--- Provided material ---
* * *

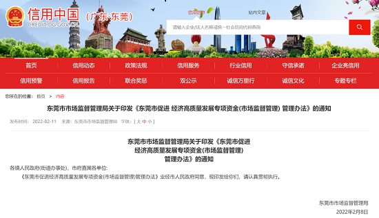 近期,东莞市市场监督管理局印发《东莞市促进经济高质量开展专项资金(市场监督管理)管理办法》,《办法》涉及质量提升、知识产权两个大类、28个资助项目,首期专项资金规模1.07亿元,最高单项奖励资金达3000万元,并将陆续在实施三年。
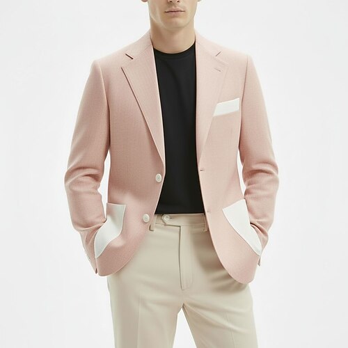 Per uomo Giacca blazer Colletto ad incastro Moda Leggero Casual Patchwork Blazer Rosa Azzurro cielo Verde salvia Vestibilità su misura Monopetto Due Bottoni
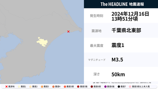 12月16日13時51分頃、千葉県で最大震度1の地震を観測

* * *

--- Work order ---
Beginning with the line that holds "Per uomo Giacca", extract every line to the end of the material, exactly as it stands, and drop the pictures.

--- Response ---
 Per uomo Giacca blazer Colletto ad incastro Moda Leggero Casual Patchwork Blazer Rosa Azzurro cielo Verde salvia Vestibilità su misura Monopetto Due Bottoni
 12月16日13時51分頃、千葉県で最大震度1の地震を観測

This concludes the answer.